The robots exclusion protocol, or robots.txt is a text file that you can use to instruct search engine bots on how to crawl and index pages on your website.
Where is the Robots.txt File Located on my website?
The robots.txt file is normally located at the root of your site:
The robots.txt file indicates to Google which parts of your site you don’t want accessed by search engine crawlers. Sometimes site owners will block ridiculous things in their robots.txt file, so it is an essential check to see what is being blocked.
Why is the Robots.txt file important for SEO?
Unfortunately it is all to common for small businesses and even larger businesses to block parts of their site unintentionally using the robots.txt file.
By doing this you are effectively saying to Googlebot: “Don’t crawl my site!”. This then means your pages will not be indexed in Google and you can’t rank for your organic keywords.

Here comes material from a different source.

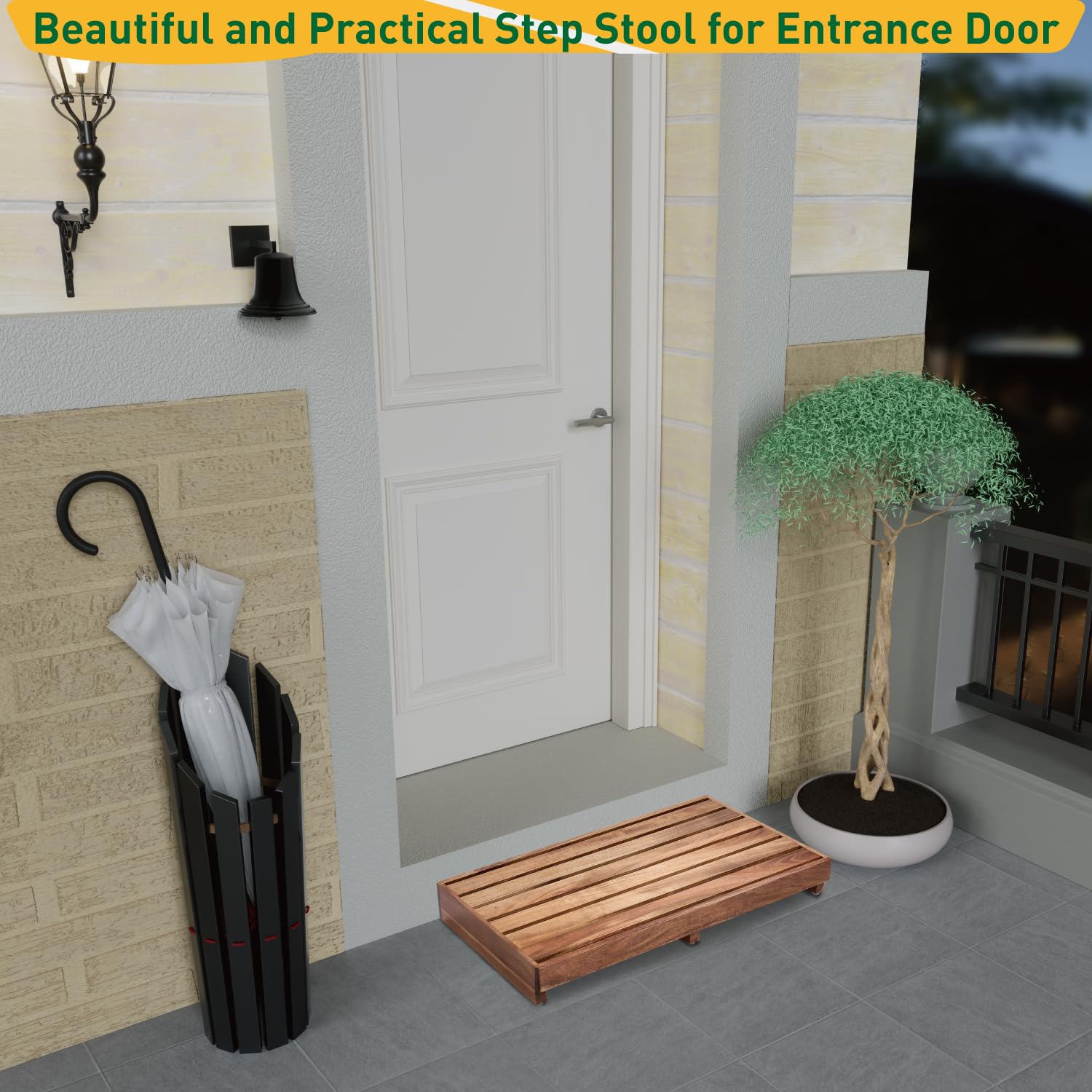 - Indoor and Outdoor: Buruis wooden footstools are suitable for both indoor and outdoor use. You can place them beside your bed, under the stairs, in the kitchen, or in the bathroom, where they maintain their luster indoors. They can also be used on porch steps, in the yard, or in the garden; however, the color of the acacia wood may darken when exposed to sunlight, rain, or snow
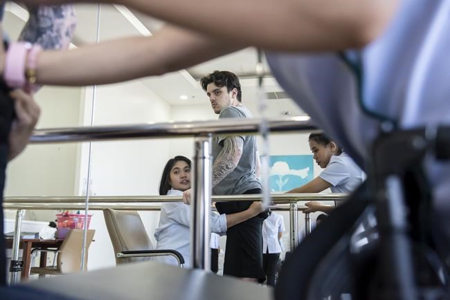 AIRDRIE, Alta. – A hockey player paralyzed in a bus crash has been working hard since undergoing spinal surgery in Thailand late last year and it’s getting him closer to his dream of making the national sledge hockey team.

How can I stop search engine bots crawling my site?
If you see the below in a robots.txt file, this will instruct all robots to stay OUT of the website. From a search perspective, this is something that you generally don’t want. (Unless you are Louis Theroux, or you are creating a test site that you don’t want Googlebot or any other bots to see.
To stop search bots crawling your site enter the following in your robots.txt file:
User-agent: * Disallow: /
User-agent: * ----> This command applies to all robots. Disallow: / ----> This command instructs the robot not to visit any pages on your website
How can I monitor search engine bots crawling my site?
By downloading the Log Files from your web server you can analyse how search engine bots (typically Google for SEO purposes are interacting with your site). Using a program such as Screaming Frog’s Log File Analyser you can also visualise quickly which bots are visiting your website and understand whether you need to block any of them.